© James Kemp

Dokumentenmanagementsysteme für Verbände (Teil 3)

Im dritten Text zum Thema Dokumentenmanagement gehen wir zurück zu den Wurzeln: Wir erläutern etwas genauer, warum das Dateisystemen einem Dokumentenmanagementsystem überlegen ist, und welche Helferprogramme man in Betracht ziehen sollte.

Herkömmliche Ablage in (Leitz-)Ordnern

Täglich kommen unzählige Dokumente im Verband an: E-Mails, Webseiten, PDFs, eingescannte Dokumente, Anlagen in E-Mails (Office) und die »alten« analogen Dokumente wie Briefe, Rechnungen usw. In der Vergangenheit, als alles auf Papier kam, hat man diese Dokumente in Ordnern abgelegt. Dazu gab es mehr oder weniger komplexe Ablagepläne und Aktenzeichen. Diese waren in der Regel hierarchisch organisiert. Passten Dokumente in verschiedene Sinnzusammenhänge, wurden sie fotokopiert und in mehreren Ordnern abgelegt.

Hierarchische Dateisysteme

Die alte Ordnerstruktur kann man im Rahmen einer elektronischen Ablage im Dateisystem wiederherstellen. Von Nutzern werden dabei u. a. folgende Probleme geschildert:

  • Obwohl das Prinzip das gleiche ist, werden derartige elektronische Ablagesysteme als unübersichtlicher empfunden als Papierordner.
  • Es gibt den Anspruch, schon aus dem Dateinamen auf den Inhalt einer Datei schließen zu können.
  • Dateinamen dürfen nicht doppelt vorkommen.
  • Die manuelle Umbenennung von Dateien ist aufwändig.
  • Man scheut sich, Dateien zu kopieren, um sie in mehreren Ordnern abzulegen. U. a. wird dies mit einer entstehenden möglichen Inkonsistenz der Datenablage begründet.
  • Die manuelle Markierung eines Dokuments mit einem Aktenzeichen (z. B. ein Stempel) erscheint als nicht möglich.
  • Das gemeinsame Arbeiten mit dem Dateisystem (z. B. auf dem Server) erscheint kompliziert.

Kurz: Dateisysteme werden als umständlich und/oder unzureichend empfunden.

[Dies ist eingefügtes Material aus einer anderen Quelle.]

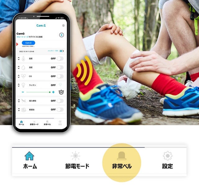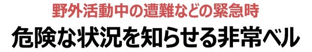 非常時はもちろんのこと遭難時にも、ホイッスルのように自分の位置を知らせたい時、簡単アプリ操作で非常ベルを鳴らし、音で遭難信号を送ることができます。

Dokumentenmanagementsysteme

Zur Lösung dieser Probleme erscheint der Einsatz spezialisierter Software notwendig. Es gibt zahllose Lösungen für Einzelplätze und Arbeitsgruppen, für verschiedene Betriebssysteme, basierend auf Web/Cloud, mit und ohne Versionskontrolle, Zugangskontrolle, Berechtigungsmanagment, Veröffentlichungsmöglichkeit usw. Diese Komplexität wiederum erscheint in der Praxis eines Verbandes mindestens als ungewohnt und ist vielfach sicherlich unnötig.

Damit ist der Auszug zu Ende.